● **ACTION ITEM**
The material below is to be copied exactly from the line with "Adorável ornamento de" up to and including the line with "Численность специалистов и", with nothing else kept and no pictures.

● **DATA SECTION**
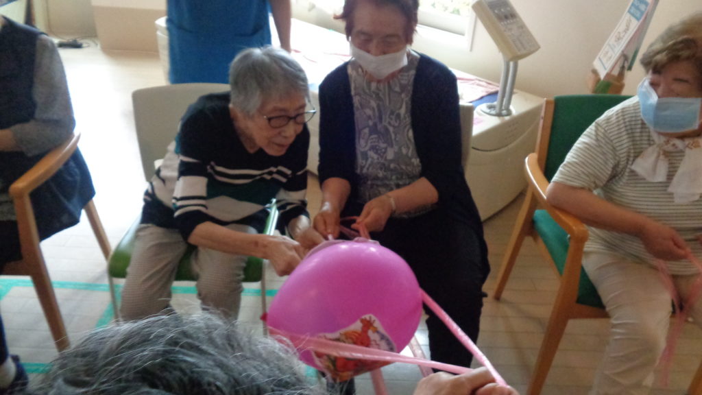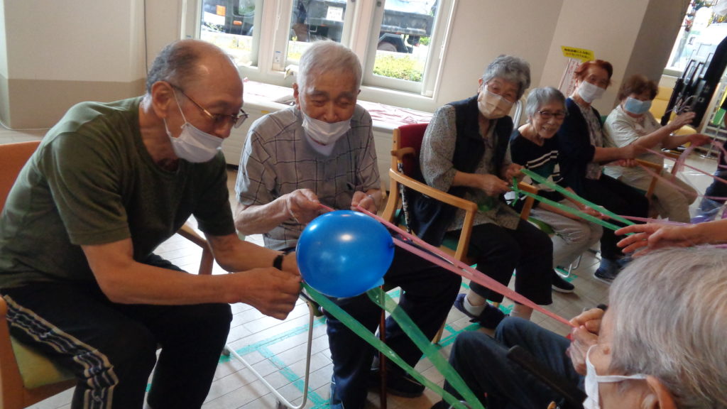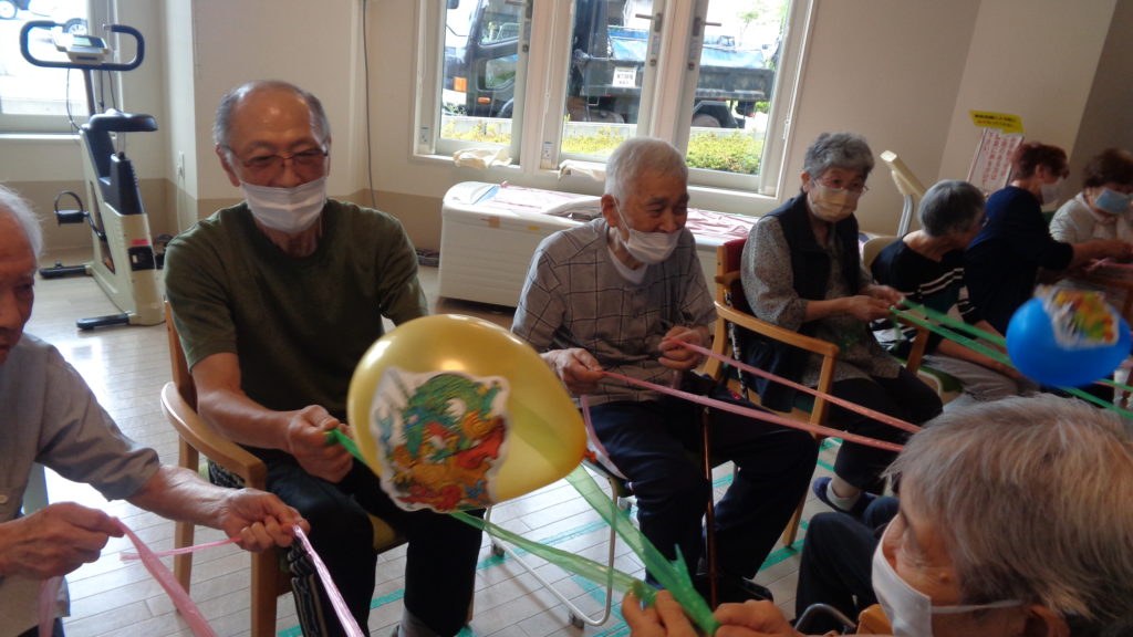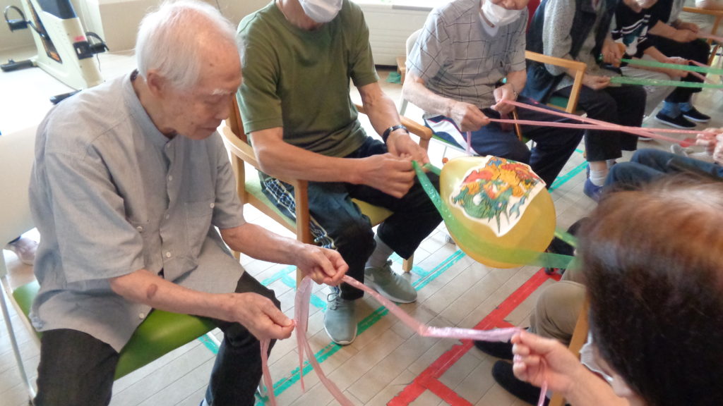 月別レクリエーションではねぶたの運行を風船ねぶたで行いました。
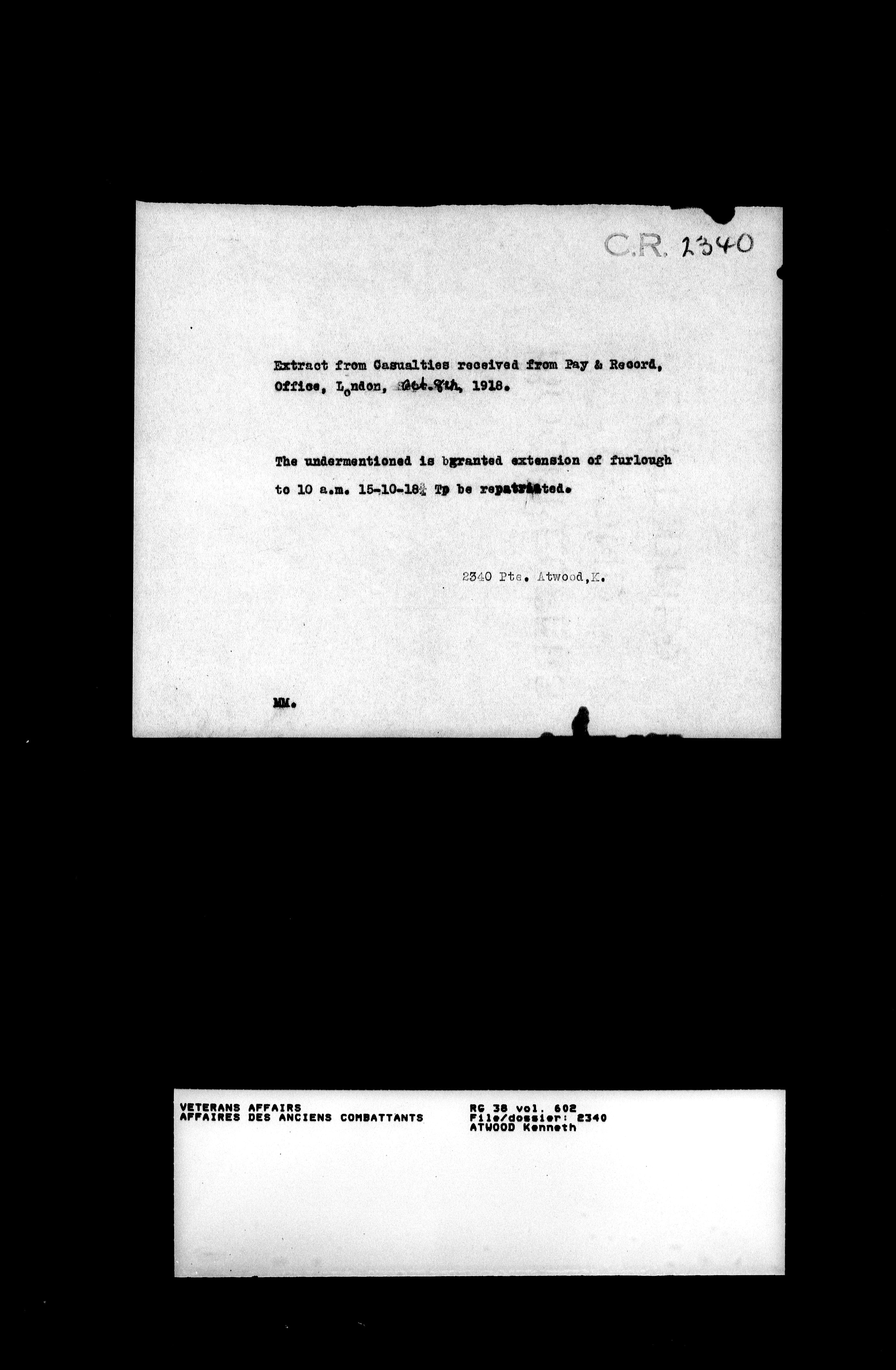 Military service files for members of the Royal Newfoundland Regiment and bandsmen and the Newfoundland Forestry Corps (1914-1919) - 18147
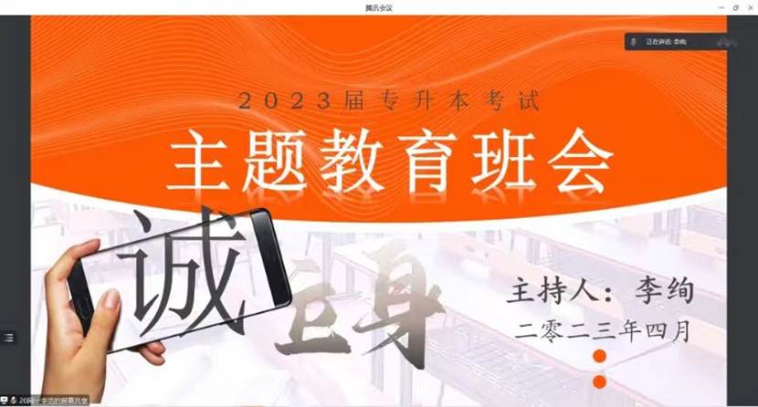 2023年山东统招专升本考试进入倒计时,为助力学生“赢”战专升本考试,缓解学生考前焦虑,帮助考生调整备考状态,引导学生树立信心,以积极乐观的心态迎接考试,4月20日,yl6776永利集团开展2023届专升本主题教育班会,班会由2023届专科辅导员老师李绚主持,2023届全体专升本考生参加。
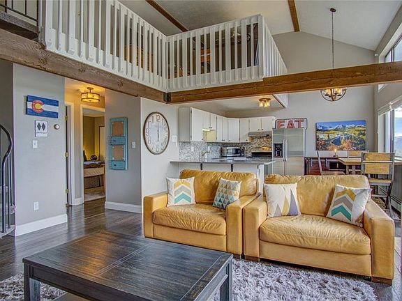 Breathtaking panoramic views from this top floor unit in Silverthorne! The open-concept kitchen offers quartz countertops, stainless steel appliances, and an eat-in bar. This 2 bedroom, 2 bathroom condo with a loft comes with covered parking and amenities such as a pool, hot tub, sauna, racquetball and tennis courts. Buffalo Ridge Complex has great access to hiking/biking trails, short walk to a bus stop, close to great shopping and restaurants, and within 30 minutes to 5 major ski resorts.
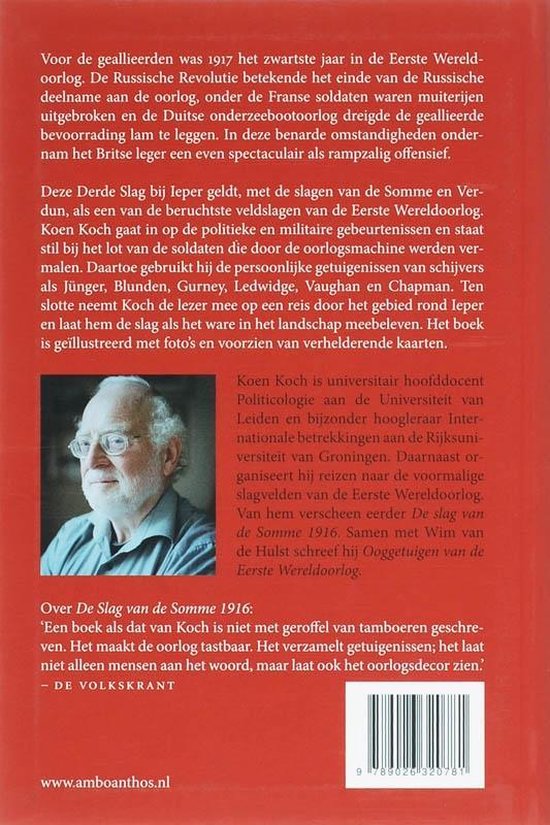 Deze Derde Slag bij Ieper geldt, met de slagen van de Somme en Verdun, als een van de beruchtste veldslagen van de Eerste Wereldoorlog. Koen Koch gaat in op de Politieke en militaire gebeurtenissen en staat stil bij het lot van de soldaten die door de oorlogsmachine werden vermalen. Daartoe gebruikt hij de persoonlijke getuigenissen van schijvers als Jünger, Blunden, Gurney, Ledwidge,Vaughan en Chapman, Ten slotte neemt Koch de lezer mee op een reis door het gebied rond Ieper en laat hem de slag als het ware in het ;landschap meebeleven. Het boek os geïllusreerd met foto’s en voorzien van verhelderende kaarten.
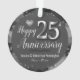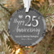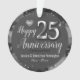 Adorável ornamento de 25 Feliz cinza. Folha falsa no 25 e como um quadro de borda. Fundo do óleo de prata criado por Valarie Wade. Pequena joia cardíaca de cinza no canto superior. Nomes e datas são ajustáveis
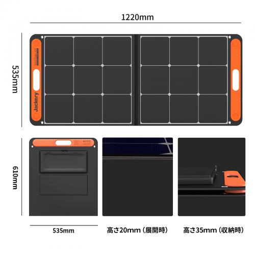 本製品は、Jackery ポータブル電源の全シリーズに対応し、最大100Wで充電することができます。
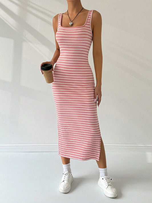 SHEIN EZwear Vestido largo con tirantes de cami, Body rayado con abertura en los muslos
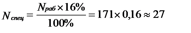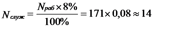 Численность специалистов и служащих определяются на основе их доли от численности рабочих:
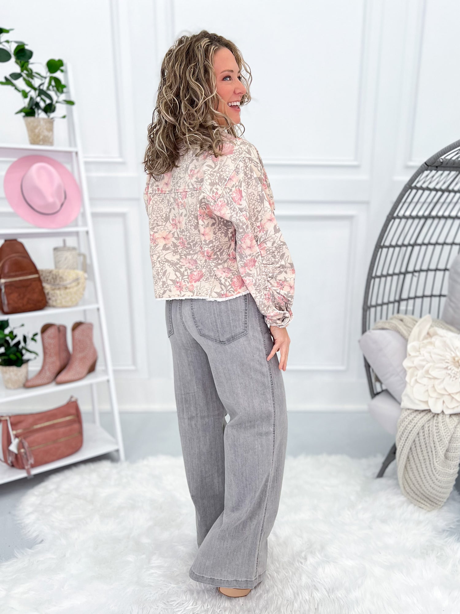 Soft florals meet effortless layering in this cropped denim jacket that instantly elevates any outfit. The feminine print and lived-in finish make it perfect over tanks, dresses, or lightweight knits for casual days, brunch dates, or cool evenings. Easy, flattering, and just the right amount of boho charm.
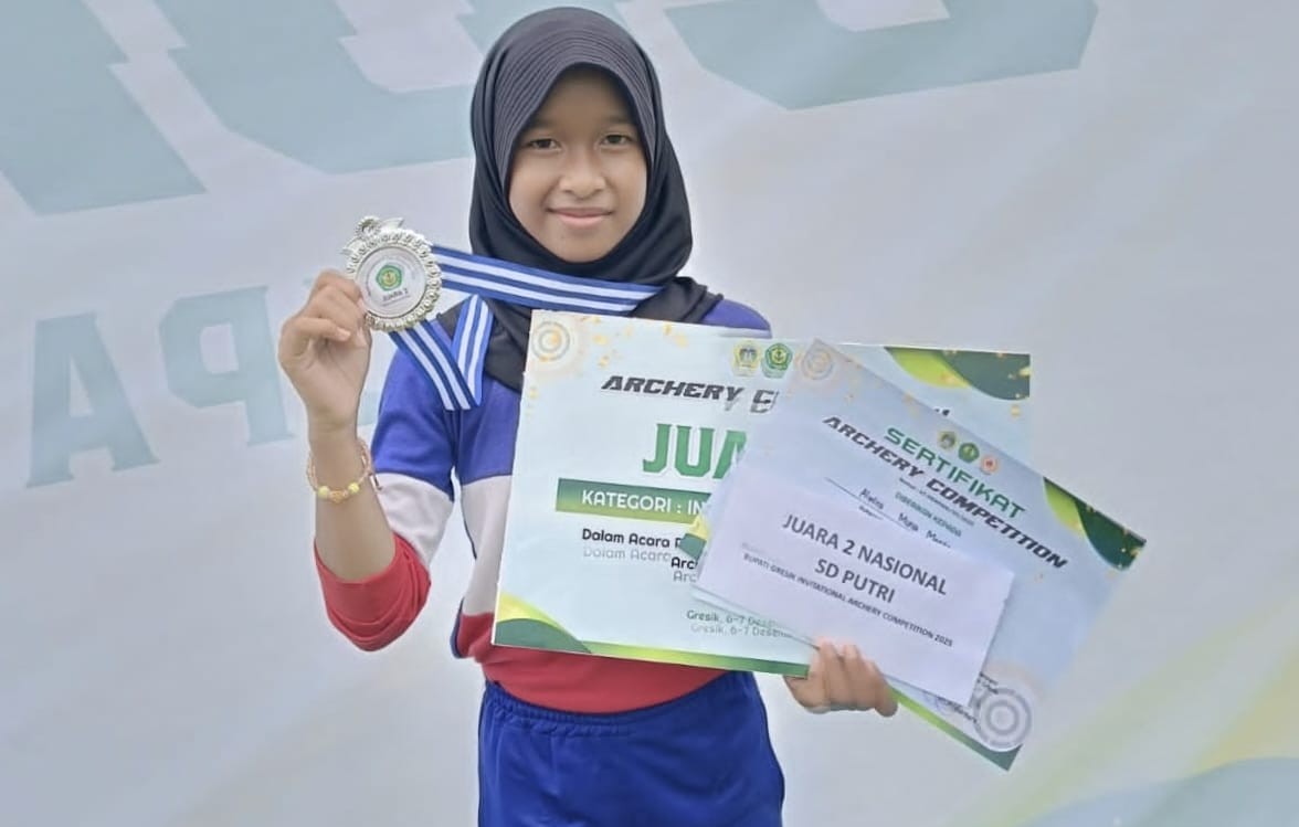 GIRIMU.COM — Almira Mutia Maritza Altaf, siswa kelas VI SD Alam Muhammadiyah Kedanyang (SD Almadany) Kebomas, Gresik berhasil meraih prestasi membanggakan pada kejuaraan Bupati Gresik Invitational Archery Competition 2025 yang diselenggarakan Persatuan Panahan Indonesia (Perpani) Gresik. Dalam lomba panahan yang berlangsung di Lapangan Sarana Olah Raga (SOR) Timur Petrokimia Gresik Sabtu – Ahad (6-7/12/2025) itu, Almira berhasil menjadi juara II.

● **REPLY TO THE EXERCISE**
 Adorável ornamento de 25 Feliz cinza. Folha falsa no 25 e como um quadro de borda. Fundo do óleo de prata criado por Valarie Wade. Pequena joia cardíaca de cinza no canto superior. Nomes e datas são ajustáveis
 本製品は、Jackery ポータブル電源の全シリーズに対応し、最大100Wで充電することができます。
 SHEIN EZwear Vestido largo con tirantes de cami, Body rayado con abertura en los muslos
 Численность специалистов и служащих определяются на основе их доли от численности рабочих:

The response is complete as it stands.